Not only that, but I can even link you directly [0] to it! No agent required, and I can even construct the link so it's sorted by most recent first...

[0] https://x.com/search?q=from%3Aelonmusk%20(Israel%20OR%20Pale...

  • Elon's tweets are not much interesting in this context.

    The interesting part is that grok uses Elon's tweets as the source of truth for its opinions, and the prompt shows that

    • It’s possible that Grok’s developers got tired of listening to Elon complain all the time, “Why does Grok have the wrong opinion about this?”’and “Why does Grok have the wrong opinion about that?” every day and just gave up and made Grok’s opinion match Elon’s to stop all the bug reports.

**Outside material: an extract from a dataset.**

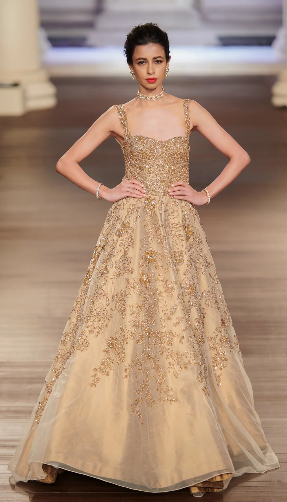Champagne Tulle Gown with Gold Foil-Like Peeta Embroidery

  • The user did not ask for Musk's opinion. But the model issued that search query (yes, using the standard Twitter search syntax) to inform its response anyway.

  • The user asked Grok “what do you think about the conflict”, Grok “decided” to search twitter for what is Elon’s public opinion is presumably to take it into account.

    I’m guessing the accusation is that it’s either prompted, or otherwise trained by xAI to, uh…, handle the particular CEO/product they have.

  • Others have explained the confusion, but I'd like to add some technical details:

    LLMs are what we used to call txt2txt models. The output strings which are interpreted by the code running the model to take actions like re-prompting the model with more text, or in this case, searching Twitter (to provide text to prompt the model with). We call this "RAG" or "retrieval augmented generation", and if you were around for old-timey symbolic AI, it's kind of like a really hacky mesh of neural 'AI' and symbolic AI.

    The important thing is that user-provided prompt is usually prepended and/or appended with extra prompts. In this case, it seems it has extra instructions to search for Musk's opinion.